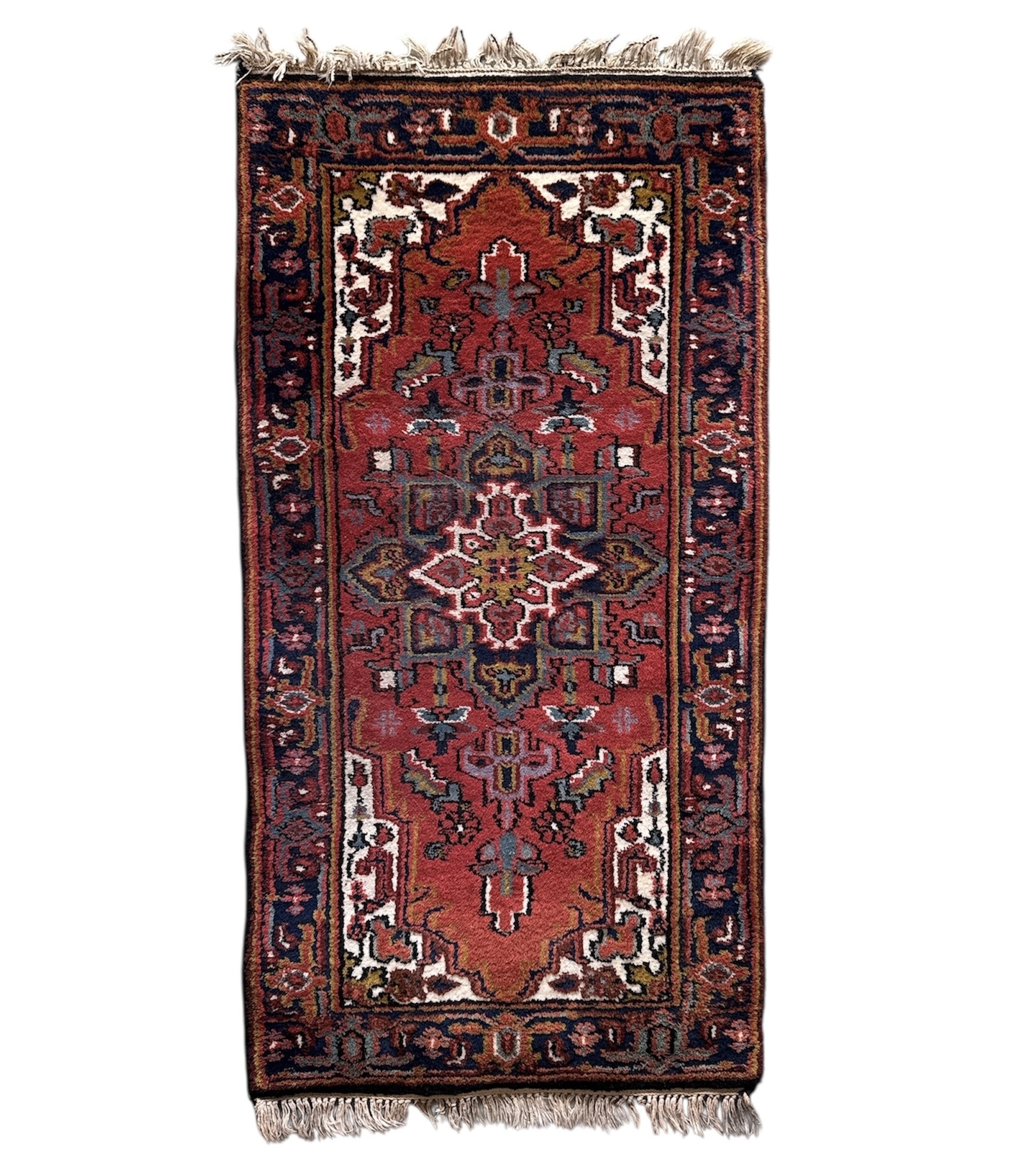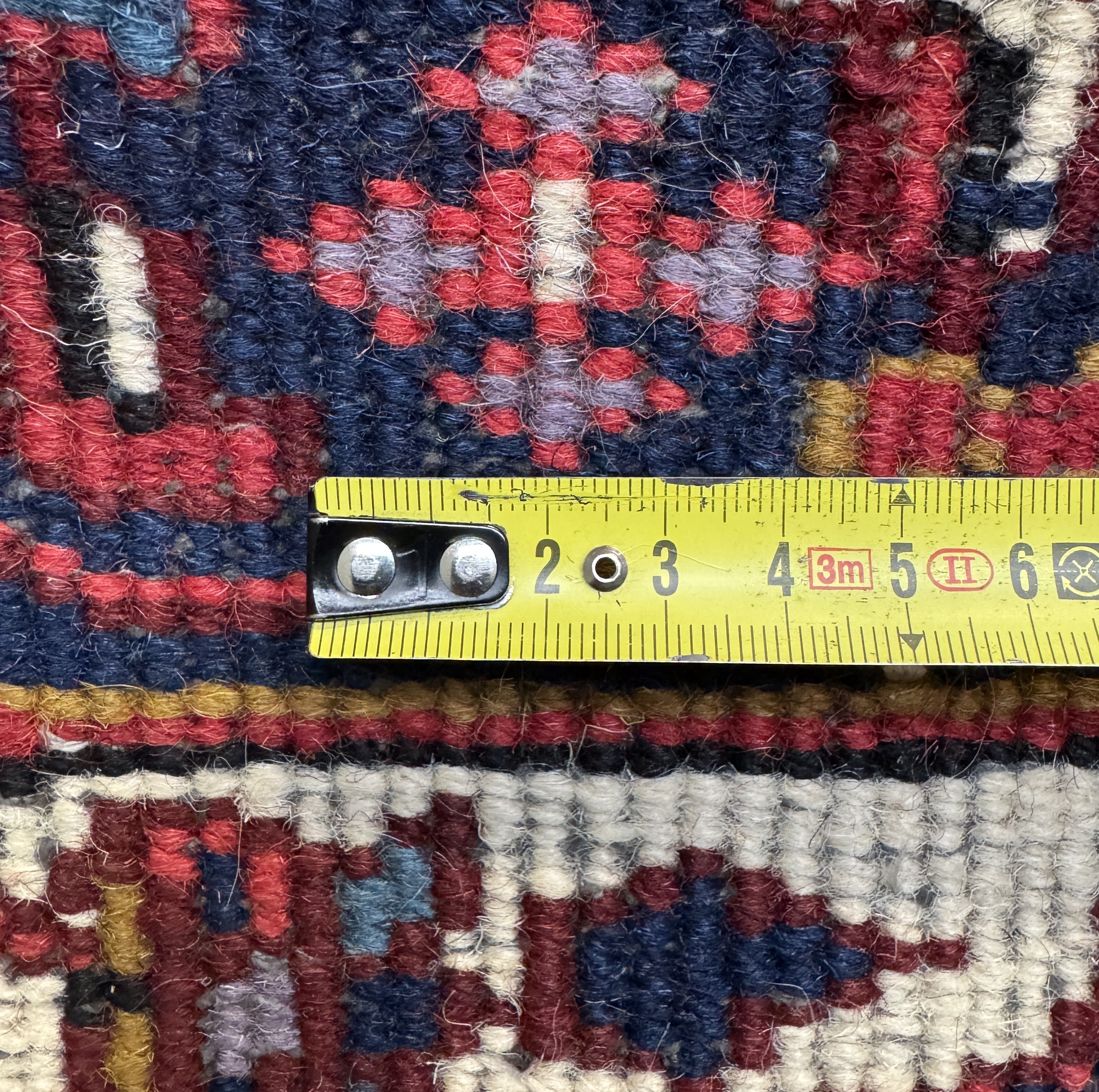 Hamadan-gebied kleed uit het midden van de 20e eeuw, vervaardigd met symmetrische Ghiordes-knoop in wollen pool op katoenen schering en inslag. Het kleed toont een geometrisch centraal medaillon met contrasterende hoekstukken, geplaatst op een meekrap grond met indigo en ivoorkleurige accenten. De hoofdrand is uitgevoerd met herhalende geometrisch florale motieven. West-Perzische herkomst. Dit kleed zelf beoordelen? Je bent welkom op onze kijkdagen op 10, 11 en 12 april! |
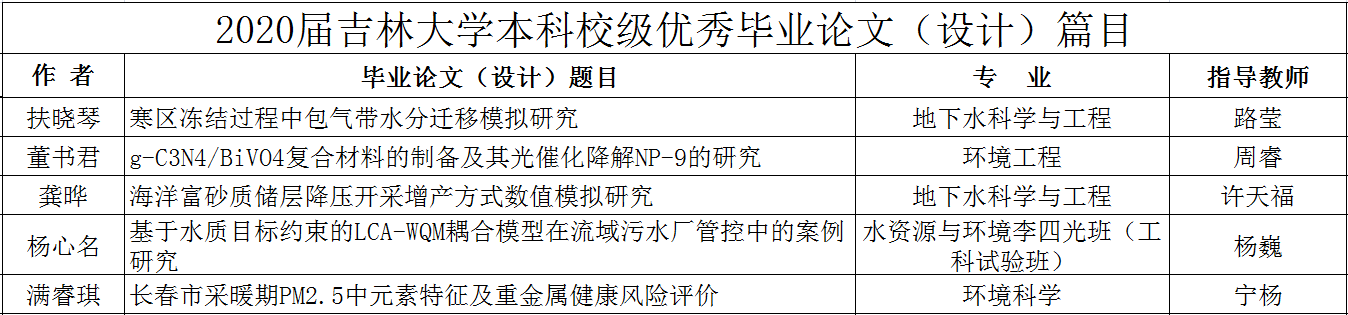 2020届吉林大学本科校级优秀毕业论文(设计)篇目
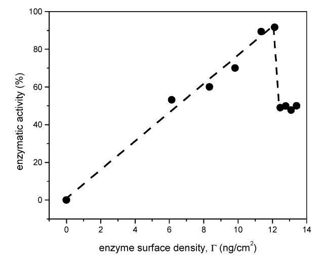圖2.估計酶表面密度的影響(Γ)關于PNPPA酶活性。酶活性表示為在均勻介質中測得的酶活性的百分比。最大值對應于12.1 ng/cm2的酶表面密度。0-12 ng/cm2的范圍對應于0-18 mN/m的表面壓力;但是,觀察到,在圖中所示的最高表面密度中,曲線不是t線性。圖3更好地分析了對表面壓力的依賴性。
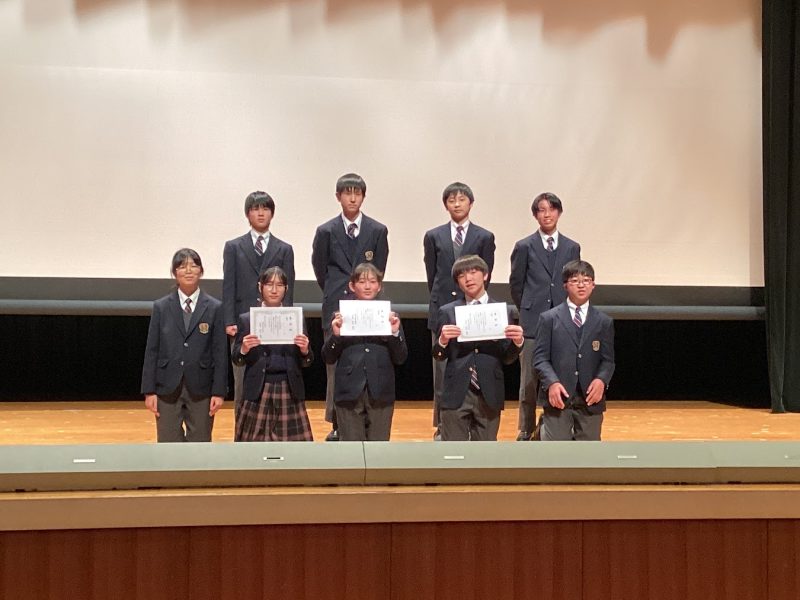 中学の総合学習の時間の取り組みの一つとして、1・2年生では弁論を、3年生は社会の様々な問題について、各代表者の発表を開催しました。
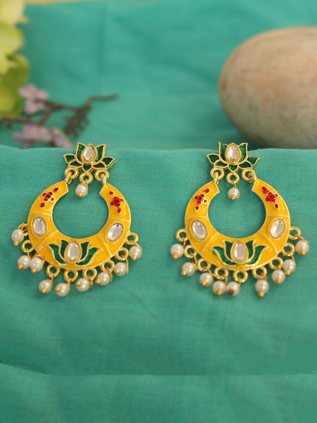 Yellow Color Meenakari Earrings
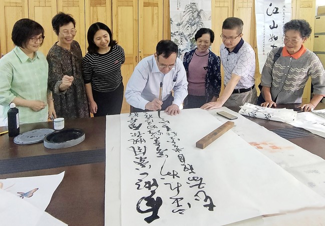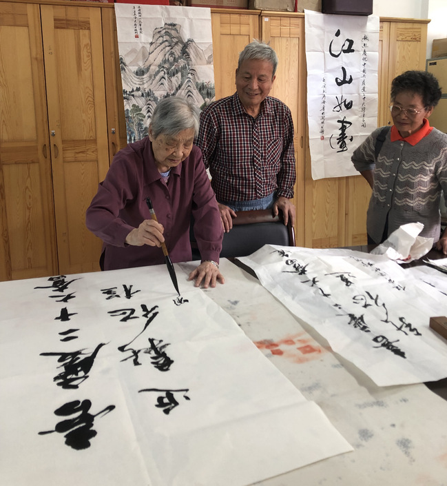 展示活动分上下半场。上半场是作品展示观摩,下半场现场挥墨交流。在整场活动中,老同志们兴致勃勃,或互相点评交流心得;或挥毫泼墨切磋技艺,校书画协会主席、校老体协书画摄影协会会长王瑞玲、校摄影协会会长叶国水做现场指导和点评,整个活动室里弥漫着浓浓的艺术氛围。邓明秀老师已95岁高龄,现场还凝神挥毫,实属难能可贵。
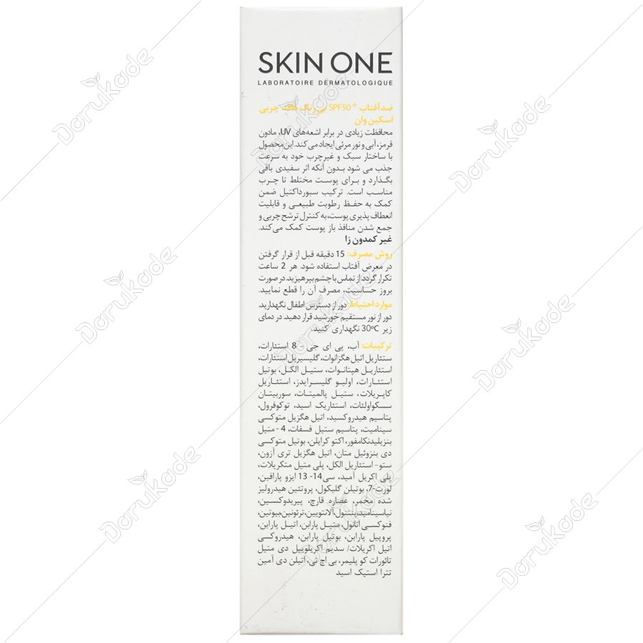 ضد آفتاب +SPF50 بی رنگ فاقد چربی اسکین وان محافظت زیادی در برابر اشعه های UV، مادون قرمز، آبی و نور مرئی ایجاد می کند. این محصول با ساختار سبک و غیر چرب خود به سرعت جذب می شود بدون آنکه اثر سفیدی باقی بگذارد و برای پوست مختلط تا چرب مناسب است. ترکیب سبورداکتیل ضمن کمک به حفظ رطوبت طبیعی و قابلیت انعطاف پذیری پوست، به کنترل ترشح چربی و جمع شدن منافذ باز پوست کمک می کند.

§ **Task requirements**
Would you return all of the data above word for word, omitting every picture?

§ **Expected output**
 Hamadan-gebied kleed uit het midden van de 20e eeuw, vervaardigd met symmetrische Ghiordes-knoop in wollen pool op katoenen schering en inslag. Het kleed toont een geometrisch centraal medaillon met contrasterende hoekstukken, geplaatst op een meekrap grond met indigo en ivoorkleurige accenten. De hoofdrand is uitgevoerd met herhalende geometrisch florale motieven. West-Perzische herkomst. Dit kleed zelf beoordelen? Je bent welkom op onze kijkdagen op 10, 11 en 12 april! |
 2020届吉林大学本科校级优秀毕业论文(设计)篇目
圖2.估計酶表面密度的影響(Γ)關于PNPPA酶活性。酶活性表示為在均勻介質中測得的酶活性的百分比。最大值對應于12.1 ng/cm2的酶表面密度。0-12 ng/cm2的范圍對應于0-18 mN/m的表面壓力;但是,觀察到,在圖中所示的最高表面密度中,曲線不是t線性。圖3更好地分析了對表面壓力的依賴性。
 中学の総合学習の時間の取り組みの一つとして、1・2年生では弁論を、3年生は社会の様々な問題について、各代表者の発表を開催しました。
 Yellow Color Meenakari Earrings
 展示活动分上下半场。上半场是作品展示观摩,下半场现场挥墨交流。在整场活动中,老同志们兴致勃勃,或互相点评交流心得;或挥毫泼墨切磋技艺,校书画协会主席、校老体协书画摄影协会会长王瑞玲、校摄影协会会长叶国水做现场指导和点评,整个活动室里弥漫着浓浓的艺术氛围。邓明秀老师已95岁高龄,现场还凝神挥毫,实属难能可贵。
 ضد آفتاب +SPF50 بی رنگ فاقد چربی اسکین وان محافظت زیادی در برابر اشعه های UV، مادون قرمز، آبی و نور مرئی ایجاد می کند. این محصول با ساختار سبک و غیر چرب خود به سرعت جذب می شود بدون آنکه اثر سفیدی باقی بگذارد و برای پوست مختلط تا چرب مناسب است. ترکیب سبورداکتیل ضمن کمک به حفظ رطوبت طبیعی و قابلیت انعطاف پذیری پوست، به کنترل ترشح چربی و جمع شدن منافذ باز پوست کمک می کند.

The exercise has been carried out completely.